My guess as an Anglophone is that one distinguishes between routine or daily tasks  (I do the cooking=>C'est moi qui fais la cuisine) and particular occasions (What are you doing? Je fais de la cuisine/Je cuisine).


----------



## LART01

akaAJ said:


> My guess as an Anglophone is that one distinguishes between routine or daily tasks  (I do the cooking=>C'est moi qui fais la cuisine) and particular occasions (What are you doing? Je fais de la cuisine/Je cuisine).



Excellent


----------



## zapspan

akaAJ said:


> My guess as an Anglophone is that one distinguishes between routine or daily tasks  (I do the cooking=>C'est moi qui fais la cuisine) and particular occasions (What are you doing? Je fais de la cuisine/Je cuisine).



Does this mean that "Je fais de la cuisine" and "Je cuisine" are synonyms?  Is there any difference between these two expressions?


----------



## Maître Capello

I would never say, _Je fais de la cuisine_. That sounds odd.
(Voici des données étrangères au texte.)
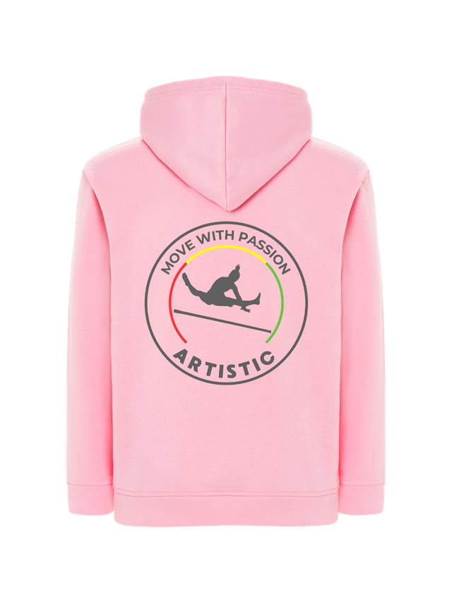 This hoodie is designed for those who live artistic gymnastics with intensity, dedication, and pride. Featuring a strong and meaningful design, the circular emblem highlights the word ARTISTICS and the message Move with Passion, symbolizing the essence of the discipline: strength, precision, control, and elegance in every movement.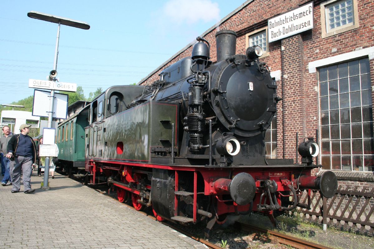 Links: Am Bahnsteig im Eisenbahnmuseum Bochum-Dahlhausen, der Zug der Hespertalbahn wartet mit der Dampflok D8 voraus auf den naechsten Pendeleinsatz.

_Je fais la cuisine._ = I do the cooking.
_Je cuisine._ = I'm cooking / I cook.


----------



## zapspan

Merci, Maître Capello.  I was basing my question partially on what LART01 said above in #5.  But in terms of Je fais la cuisine vs. Je cuisine, I'm not sure I understand the difference as you've outlined it.  Are you saying that "Je fais la cuisine" cannot mean that the speaker is cooking right now?


----------



## Maître Capello

Actually, both _je cuisine_ and _je fais la cuisine_ can mean "I'm cooking." There is little difference between "I'm cooking" and "I do the cooking." The same is true in French.


----------



## zapspan

Merci, Maître Capello.


----------



## Reynald

C'est surtout au sens figuré que l'on trouve ce _de.
En ce moment, les partis politiques font de la cuisine électorale._


----------



## Maître Capello

Je dirais plutôt que c'est lorsque le mot _cuisine_ est *qualifié*.

_faire de la cuisine *électorale*
faire de la cuisine *française*
faire de la cuisine *moléculaire*_


----------



## Reynald

Ah, en effet ! (Trop lu d'articles sur les élections ces jours-ci. )


----------



## zapspan

Merci à tous de vos suggestions.


----------



## lesaucisson

Quelle est la raison grammaticale ? Pourquoi l'absence de "de" dans faire la cuisine alors qu'on dit faire du vélo ?

Merci,


----------



## Bezoard

Mais on dit _"faire la vaisselle, faire le ménage, faire la poussière (familier), faire les lits, ..."_


----------



## lesaucisson

pourquoi? et pourquoi "faire de la cuisine suédoise" est possible? Merci


----------



## Bezoard

Je ne sais pas ! C'est comme ça ! Il faut apprendre les constructions conformes à l'usage. 
Peut-être que quelqu'un d'autre en saura plus.


----------



## olivier68

Je sèche aussi à trouver une explication "générale". J'ai l'impression que c'est à voir au cas par cas.
Et :  "_faire de la cuisine suédoise_" ne vient pas simplifier l'affaire ;-)


----------



## Locape

Voir post #12 : quand la cuisine est qualifiée avec un complément, pas au sens général.


----------